Super-conducting technology R&D in the DESY accelerator division is mainly coordinated by Hans Weise, warm accelerator R&D mainly by Ralph Aßmann. Progress is discussed in common meetings. The work on plasma acceleration is performed in LAOLA, a collaboration between DESY and University Hamburg.

 

Rolf Wideröe and Gustav-Adolf Vos in the HERA tunnel at DESY (1993).

Remarks on Accelerator R&D in Germany and Inspiration

Accelerator research in Hamburg is performed in a long and very successful collaboration between DESY and the University Hamburg. In future, the collaboration will be called the "Voss Wideröe Center for Accelerators", a competence field of PIER.

Critical concepts for particle acceleration have been invented by R. Wideröe (* 11. July 1902 in Oslo, Norway; † 11. October 1996 in Nussbaumen, Switzerland) during the 1920's in Germany. In his legendary 1927 PhD thesis of 27 pages in Aachen he achieved two breakthroughs: (1) Invention and experimental setup of the first RF linear accelerator and (2) first idea for circular accelerator inspiring Lawrence for the invention of the cyclotron.

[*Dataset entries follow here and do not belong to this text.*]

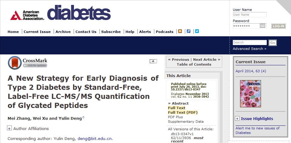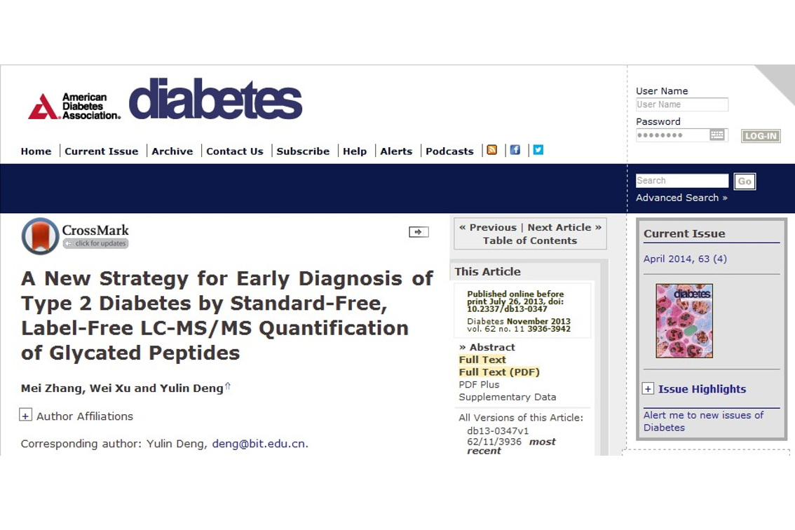 基于该研究成果,由生命学院邓玉林教授、徐伟教授和张玫博士撰写的研究论文《A New Strategy for Early Diagnosis of Type 2 Diabetes by Standard-Free, Label-Free LC-MS/MS Quantification of Glycated Peptides(2型糖尿病无标定、无标记定量糖基化肽高效液相色谱质谱早期诊断新策略)》已被糖尿病研究领域的顶级期刊《Diabetes》接收并发表,在生命科学与临床医学领域形成了重要影响。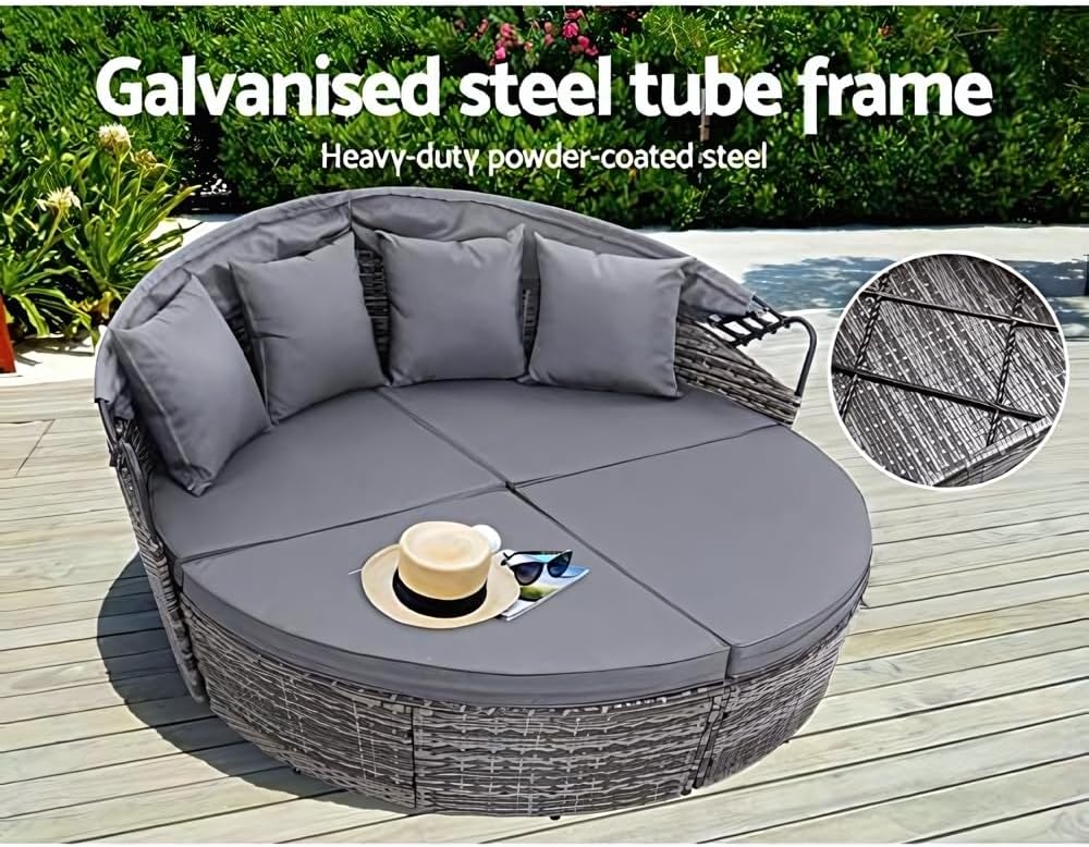 - Year Round Elegance: Experience the spacious comfort of the Evre Bali Day Bed, designed to add style and practicality to your garden or patio. Its circular shape offers ample room to relax without occupying excessive space. Stay protected from the sun with the extendable canopy, ensuring year-round enjoyment. Elevate your outdoor space with the perfect blend of functionality and elegance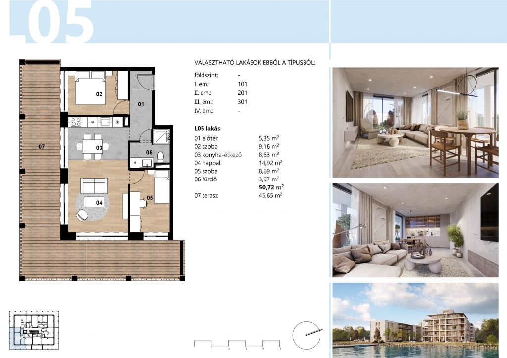 50 nm-es, 3 szobás, 45 nm-es terasszal, elismert szakmai háttérrel rendelkező tervezőiroda által megálmodott lakás, kulcsrakész, 2026.II.negyedévben történő átadással eladó.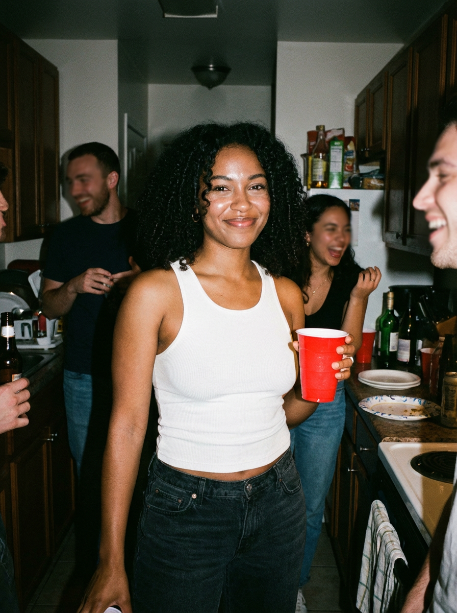 camera flash overexposed, model in a crowded kitchen, people talking and laughing around. Wearing a tight tank top, holding a drink, flirty smile, sexy body language . Flash, candid, social chaos.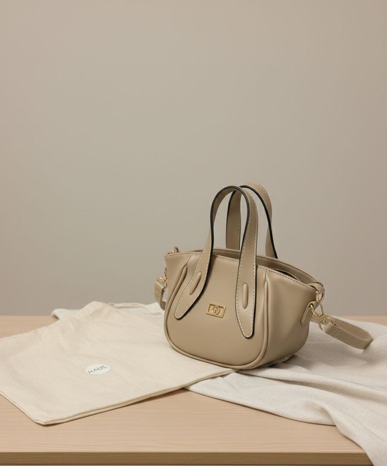 Bej deri el çantası, minimalist ve modern klasik tarzıyla dikkat çeker. Günlük kullanıma uygun, zahmetsiz şıklık sunar.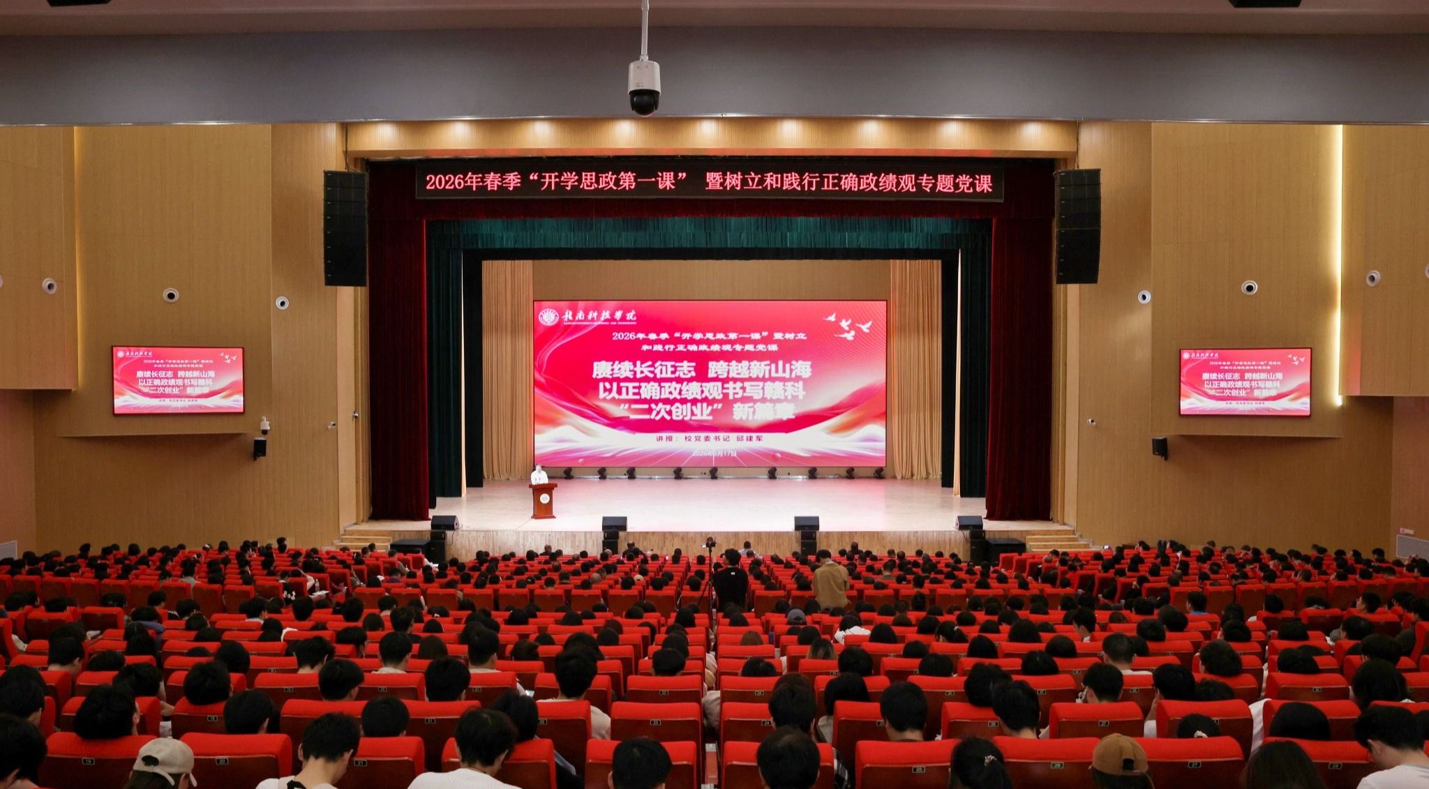 3月17日,校党委书记邱建军以“赓续长征志 跨越新山海——以正确政绩观书写赣科‘二次创业’新篇章”为主题,在大学生活动中心礼堂为全校师生讲授春季“开学思政第一课”暨树立和践行正确政绩观专题党课。本次党课由校党委副书记、校长邱建丁主持。在家校领导、党委委员,副科及以上干部、博士、副高及以上职称教师、专职辅导员、思政课专职教师及各学院学生代表现场聆听。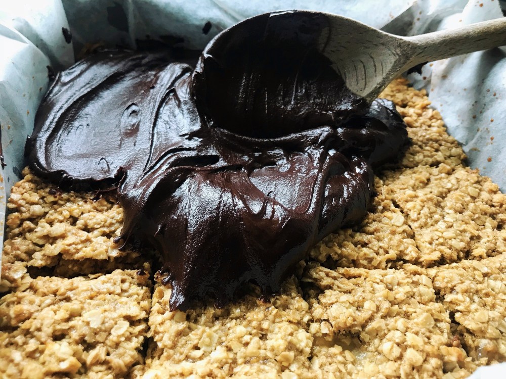 I’m pretty sure my desert island essentials would be oats, bananas and chocolate – I could happily survive on this combo for years with no complaints. I’m therefore always looking for ways to combine them, and have been experimenting with recipes for aeons in a quest for the perfect chocolate banana flapjack . I know there is an ongoing debate over whether a flapjack should be crunchy or soft and chewy – I’m most definitely on the soft and chewy side, and have finally, after much trial and error, have worked out the key – a lower oven temperature when baking. These can be made with pretty much whatever is in your fridge and cupboard – they can be refined sugar, gluten and dairy free if that’s your bag, or buttery and sugary if you’re more of a traditionalist. If you’re on a health kick you can forget about the topping altogether – they are delicious unadorned as well.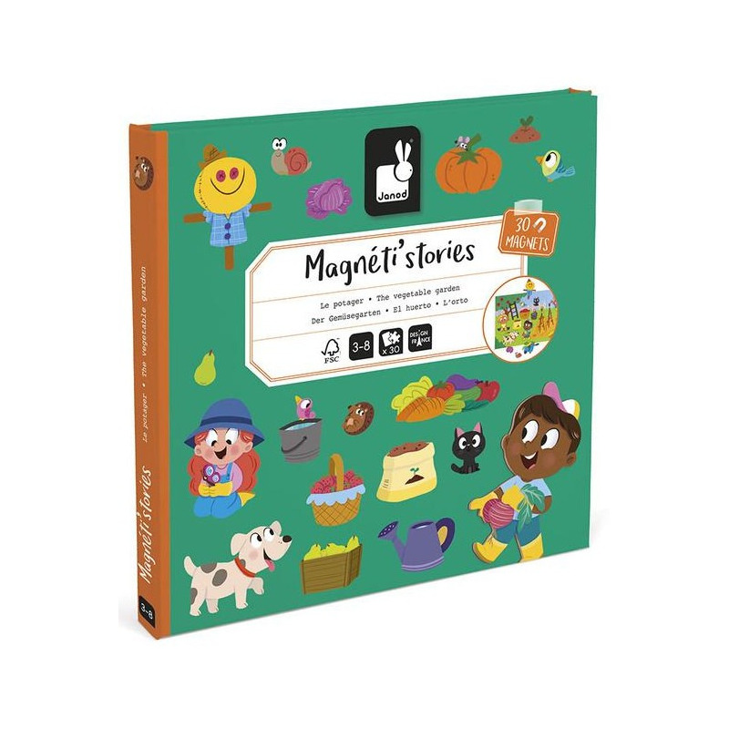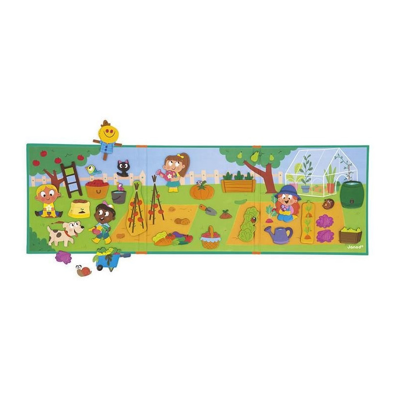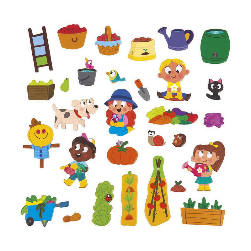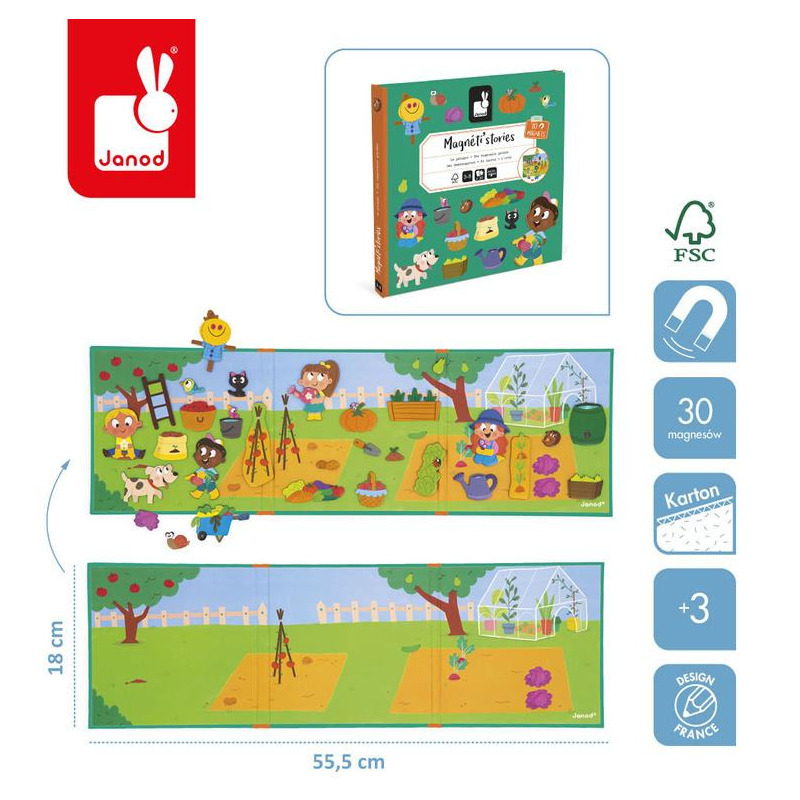 Magnetyczne historie W ogródku z linii Magneti'stories zawiera 30 magnesów – sadzonek, warzyw, zwierząt, małych ogrodników i innych elementów sielskiego krajobrazu, które stanowią części składowe do stworzenia oryginalnej ilustracji na rozkładanej potrójnej planszy.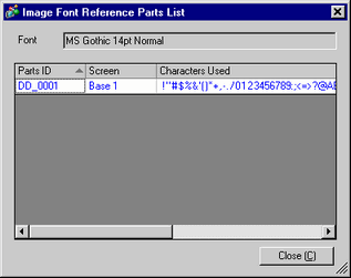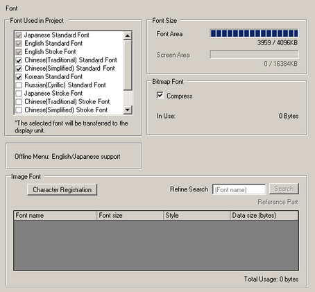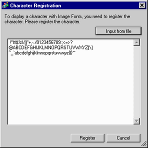 To display image fonts in the [Text Display] and [Input Display], the characters need to be registered in the [Character Registration] dialog box. Up to 20,000 characters can be registered.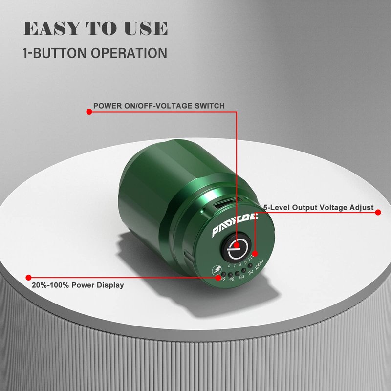 - â¡ADJUSTABLE VOLTAGEâInput voltage: DC 5V/1A , Output Voltage: 6V - 11V. Padieoe wireless tattoo power supply uses a Single Button and motion to control. Click the power button to adjust the voltage 6 7 8 9 11V, which can meet your different needs and can display the remaining power supply energy.

DESY has constructed frontier accelerators for science in the last 50 years, inventing and further developing various accelerator technologies. G.A. Voss (* 1929 in Berlin, Germany) had a lasting impact on accelerator science in Hamburg. G.A. Voss, together with Robinson, is the inventor of the “Low Beta Insertion”, that enables high event rates in colliders and was the pre-requisite of many discoveries in particle physics. He is a legendary accelerator builder and, as director for accelerators, constructed many of DESY's accelerators with great ingenuity and efficiency. In DESY's accelerator division he set up a lasting tradition of internationality, flat hierarchies, efficiency, commitment and sense of responsibility.
 
Wideröe and Voss give us excellent examples and we want to build on the foundations they left to us. A 1994 quote from Wideröe can provide inspiration for our path towards future accelerators: "After all, plans can only be made for those accelerators which can realistically be built with the means available, and obviously, these means are limited. Ideas are not subject to any such considerations. The limitations are set only by the intellect of human beings themselves. The theoretical possibilities with regard to accelerating particles by electromagnetic means (i.e. within the scope of the Maxwell equations which have been known since the 19th century), are nowhere near being exhausted, and technology surprises us almost daily with innovations which in turn allow us to broach new trains of thought. Although many of the ideas in this field which appeared over the last decades were not successful, it is possible, in principle, that there are yet more fundamental breakthroughs to be made. They could allow us to advance to energies unimaginable today."